Kundu Pritam, Ghosh Amit
School of Energy Science and Engineering, Indian Institute of Technology Kharagpur, Kharagpur, West Bengal, India.
P.K. Sinha Centre for Bioenergy and Renewables, Indian Institute of Technology Kharagpur, Kharagpur, West Bengal, India.
Biotechnol Bioeng. 2025 Apr;122(4):1010-1024. doi: 10.1002/bit.28918. Epub 2025 Jan 5.
Microbial communities have shown promising potential in degrading complex biopolymers, producing value-added products through collaborative metabolic functionality. Hence, developing synthetic microbial consortia has become a predominant technique for various biotechnological applications. However, diverse microbial entities in a consortium can engage in distinct biochemical interactions that pose challenges in developing mutualistic communities. Therefore, a systems-level understanding of the inter-microbial metabolic interactions, growth compatibility, and metabolic synergisms is essential for developing effective synthetic consortia. This study demonstrated a genome-scale community modeling approach to assess the inter-microbial interaction pattern and screen metabolically compatible bacterial pairs for designing the lignocellulolytic coculture system. Here, we have investigated the pairwise growth and biochemical synergisms among six termite gut bacterial isolates by implementing flux-based parameters, i.e., pairwise growth support index (PGSI) and metabolic assistance (PMA). Assessment of the PGSI and PMA helps screen nine beneficial bacterial pairs that were validated by designing a coculture experiment with lignocellulosic substrates. For the cocultured bacterial pairs, the experimentally measured enzymatic synergisms (DES) showed good coherence with model-derived biochemical compatibility (PMA), which explains the fidelity of the in silico predictions. The highest degree of enzymatic synergisms has been observed in C. denverensis P3 and Brevibacterium sp P5 coculture, where the total cellulase activity has been increased by 53%. Hence, the flux-based assessment of inter-microbial interactions and metabolic compatibility helps select the best bacterial coculture system with enhanced lignocellulolytic functionality. The flux-based parameters (PGSI and PMA) in the proposed community modeling strategy will help optimize the composition of microbial consortia for developing synthetic microcosms for bioremediation, bioengineering, and biomedical applications.

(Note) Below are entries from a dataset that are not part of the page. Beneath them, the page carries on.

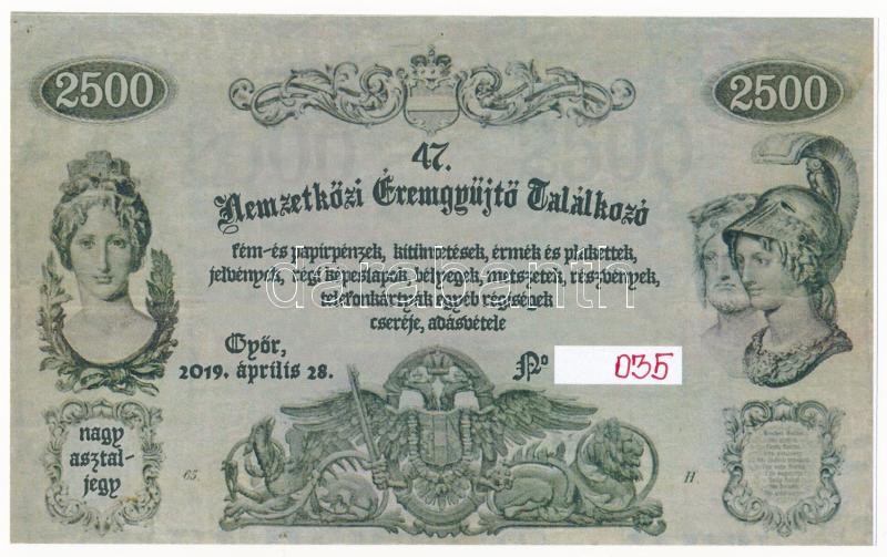 Győr 2019. "47. Nemzetközi Éremgyűjtő Találkozó" "035" sorszámú nagy asztaljegy T:I-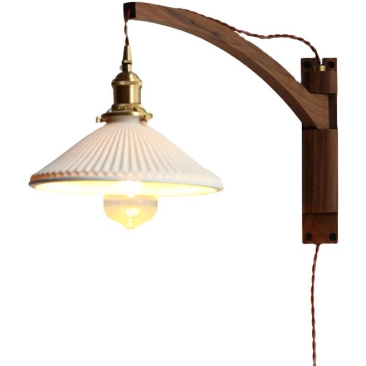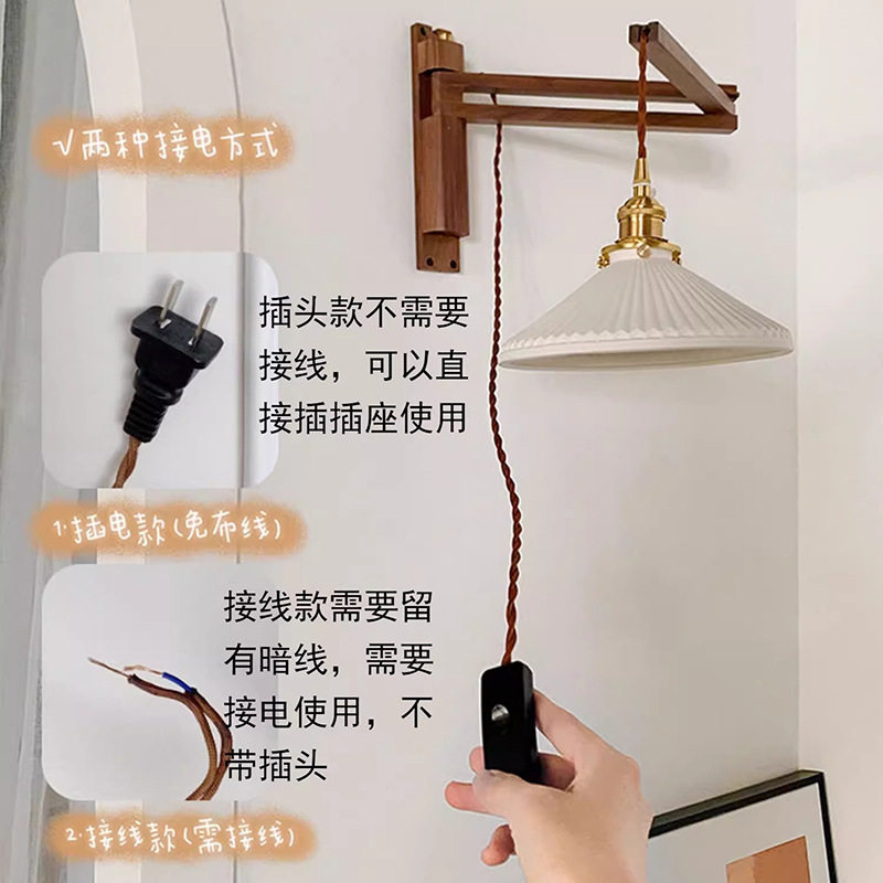 复古折叠胡桃木壁灯日式书房客厅卧室床头灯茶室民宿怀旧咖啡厅灯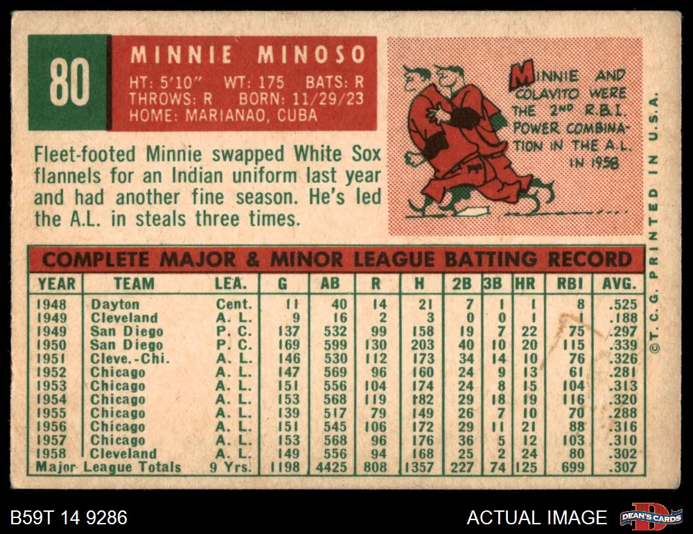1959 Topps #80 Minnie Minoso 2 - GOOD

微生物群落已显示出在降解复杂生物聚合物方面的巨大潜力,通过协作代谢功能生产增值产品。因此,开发合成微生物群落已成为各种生物技术应用的主要技术。然而,群落中不同的微生物实体可能会进行不同的生化相互作用,这给互利共生群落的开发带来了挑战。因此,从系统层面理解微生物间的代谢相互作用、生长兼容性和代谢协同作用对于开发有效的合成群落至关重要。本研究展示了一种基因组规模的群落建模方法,用于评估微生物间的相互作用模式,并筛选代谢兼容的细菌对,以设计木质纤维素共培养系统。在此,我们通过实施基于通量的参数,即成对生长支持指数(PGSI)和代谢辅助(PMA),研究了六种白蚁肠道细菌分离株之间的成对生长和生化协同作用。对PGSI和PMA的评估有助于筛选出九对有益细菌对,通过设计使用木质纤维素底物的共培养实验对其进行了验证。对于共培养的细菌对,实验测量的酶促协同作用(DES)与模型推导的生化兼容性(PMA)显示出良好的一致性,这解释了计算机模拟预测的准确性。在丹佛梭菌P3和短杆菌属P5共培养中观察到最高程度的酶促协同作用,其中总纤维素酶活性提高了53%。因此,基于通量的微生物间相互作用和代谢兼容性评估有助于选择具有增强木质纤维素分解功能的最佳细菌共培养系统。所提出的群落建模策略中的基于通量的参数(PGSI和PMA)将有助于优化微生物群落的组成,以开发用于生物修复、生物工程和生物医学应用的合成微观世界。